Correlations between EMT status and clinical factors. Next, we investigated whether the EMT status of CTCs was associated with clinical factors. There was no relationship with T classification, N classification, stage, local recurrence, and distant metastasis. Interestingly, the E+M− CTC phenotype was more frequent in patients without recurrence/metastasis (p=0.0468, Table II). Regarding treatment response, the E+M− CTC phenotype was also more frequent in those with a complete response (p=0.0346). To evaluate the prognostic significance of EMT status of CTCs, Kaplan–Meier survival analyses were performed among three groups E+M−, E+M+ and E−M+ (Figure 2). However, there was no significant difference among the three groups.
EMT status of CTCs in the R/M HNSCC cohort and comparison with that in the HNSCC cohort without R/M. Finally, we investigated the EMT status of CTCs from patients with locoregional or distant metastasis of HNSCC and compared it to that in previously patients with untreated HNSCC and without metastasis. In patients with R/M, 29 out of 35 (82.9%) had KRT19-positive CTCs. The percentage of VIM-positive CTCs in the R/M cohort was significantly higher than that in the non-R/M cohort (74.3% vs. 44.0%, p=0.0303; Table III). E−M− CTCs were found in two patients (5.7%), E+M− in seven (20.0%), E−M+ in four (11.4%), and E+M+ in 22 (62.9%). The distribution of CTC EMT status in patients with R/M HNSCC was found to be significantly different from that in patients without R/M of HNSCC (p=0.0374; Table IV); the E+M+ phenotype constituted the major proportion of the CTCs detected in patients with R/M HNSCC.
Discussion
Although EMT is known to contribute to many of the steps in the invasion–metastasis cascade, it is difficult to evaluate the EMT status accurately because of the existence of various epithelial and mesenchymal markers and constant fluctuations in the tumor environment. To date, as epithelial markers for CTC identification in HNSCC, epithelial cell adhesion molecule (EpCAM) and cytokeratin have been well-studied (16-19). However, these epithelial markers may be down-regulated or lost during EMT. As previously reported, we firstly detected CTCs by expression of multiple epithelial-related gene (KRT19, EPCAM, EGFR, and MET), and then analyzed the molecular characteristics of CTCs. Our study revealed that of the four epithelial-related genes tested, expression of KRT19 was most frequent (14). Additionally, McMullen et al. described cytokeratin as being more sensitive in the detection of CTCs in head and neck cancer (20). Vimentin found in mesenchymal cells is recognized as a classical EMT marker and its expression in tumor cells is associated with cancer invasion and poor prognosis in numerous types of cancer, including HNSCC (21-25). Based on these findings, EMT status was defined as the combination of expression of both KRT19 and VIM in the present study.
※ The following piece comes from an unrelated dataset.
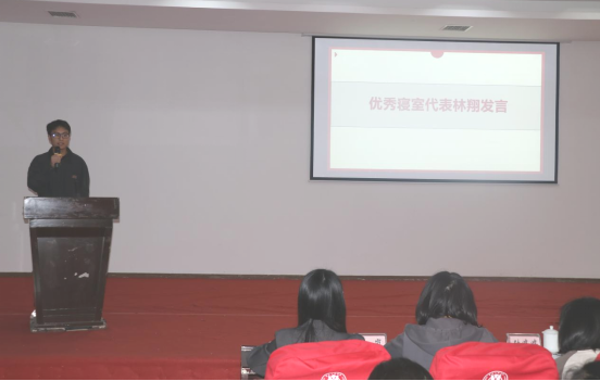 获评学院特色文明寝室的2023级寝室长代表林翔分享交流宿舍团结进步的经验,大家制定明确的寝室制度,成员们团结一致执行,并在学习上互相帮助,寝室成员始终秉持“团结、友爱、互助、进步”的八字方针,将彼此视为最亲密的家人,共同营造一个温馨和谐、积极向上的生活环境。以此带动同学们重视寝室文化建设,激励同学们团结友爱、积极向上。

In the non-R/M HNSCC cohort, CTC EMT status did not affect the prognosis; however, the number of E+M− patients was significantly higher in the subgroups without R/M and complete response. These results suggest that E+M− CTCs (i.e. those with epithelial phenotype) may have a low tumorigenic potential and be more sensitive to therapy. In general, EMT links various malignant traits, such as cancer stemness, immune suppression, and treatment resistance (26-28); therefore, CTC EMT status prior to treatment might be an important indicator for treatment outcomes in patients with HNSCC.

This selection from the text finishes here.